[Smt-talk] II6/4
Olli Väisälä
ovaisala at siba.fi
Thu Sep 5 11:57:39 PDT 2013
Nicolas,
Your mail raises the semantic question of the definition of
"tonality." This is, of course, a thorny issue; Schoenberg insisted
that his music remained tonal.
But let us circumscribe the issue by speaking of major-minor
tonality. I agree with you that in this sense music can be more or
less tonal; one can speak of both pre-tonal and post-tonal music
having tonal features.
Another question concerns the relationship between tonality and
Schenkerian hierarchy. I think there is music (pop music with two
chords etc.) that is obviously tonal in the major-minor sense but has
only the shallowest hierarchy and for which the notion of structural
levels has limited descriptive power. Of course one might say that
this music is "less tonal" or not "truly tonal," but I would find
this a strange semantic choice, as long as the music exploits major
and minor scales and tonal harmonic surface syntax. I would thus keep
separate the notions of tonality and hierarchical depth. I would say
that tonal music has the potential of the kind of hierarchical depth
that Schenker described but this is by no means always fully
exploited. And, incidentally, also non-tonal musics can have
potential of hierarchical depth exploited to various degrees.

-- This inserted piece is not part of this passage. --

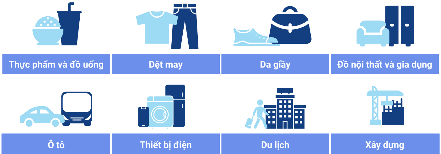
Hình 2: Các lĩnh vực ưu tiên về kinh tế tuần hoàn cho các nước ASEAN

Mặc dù về nguyên tắc, kinh tế tuần hoàn có thể áp dụng trong tất cả các lĩnh vực, nhưng có thể ưu tiên cho một số lĩnh vực có vai trò quan trọng trong nền kinh tế và thương mại, sử dụng nhiều tài nguyên và có nhiều tiềm năng đổi mới tuần hoàn. Do đó, tám lĩnh vực ưu tiên được đề xuất cho hành động của doanh nghiệp về kinh tế tuần hoàn ở ASEAN. Mỗi quốc gia dựa trên điều kiện của mình cũng như các thế mạnh, cơ hội kinh doanh và đổi mới nên ưu tiên hơn nữa và thu hẹp các lĩnh vực ưu tiên.

Now to the judgment of artistic value. I certainly agree with you
that there are several ways in which music can be interesting or
artistically valuable. Schenkerian hierarchy is a significant
artistic resource for tonal music, but it is by no means the only
resource. Above I mentioned pop songs with two chords, but we might
also think of Chopin's Berceuse which gets along with two chords
almost throughout, thus lucidly demonstrating just how much of the
charm of Chopin's art resides in the very surface.
Olli Väisälä
Sibelius Academy
University of the Arts Helsinki
ovaisala at siba.fi
> Olli, I find your statement somewhat puzzling. Do you mean "a
> general theory of masterworks", which indeed Schenkerian theory is
> in a way but which is not necessarily incompatible with its being a
> general theory of tonality, or "a general theory of the tonality of
> masterworks", which seems to me hardly possible.
>
> Speaking of Schenker's own intentions, I believe he intended his
> theory as a general theory of tonality, but somehow immediately
> added that true tonality was accessible only to the genius. We may
> disagree with the second part of the intention without rejecting
> the first.
>
> When you mention "a certain kind of art music", you imply that
> there exist other kinds of music (say, lighter music) that may not
> show the same hierarchies. Indeed; but doesn't that also imply that
> these kinds of music evidence a lesser level of "tonality"? Do you
> believe that music is either tonal or not, a mere binary choice?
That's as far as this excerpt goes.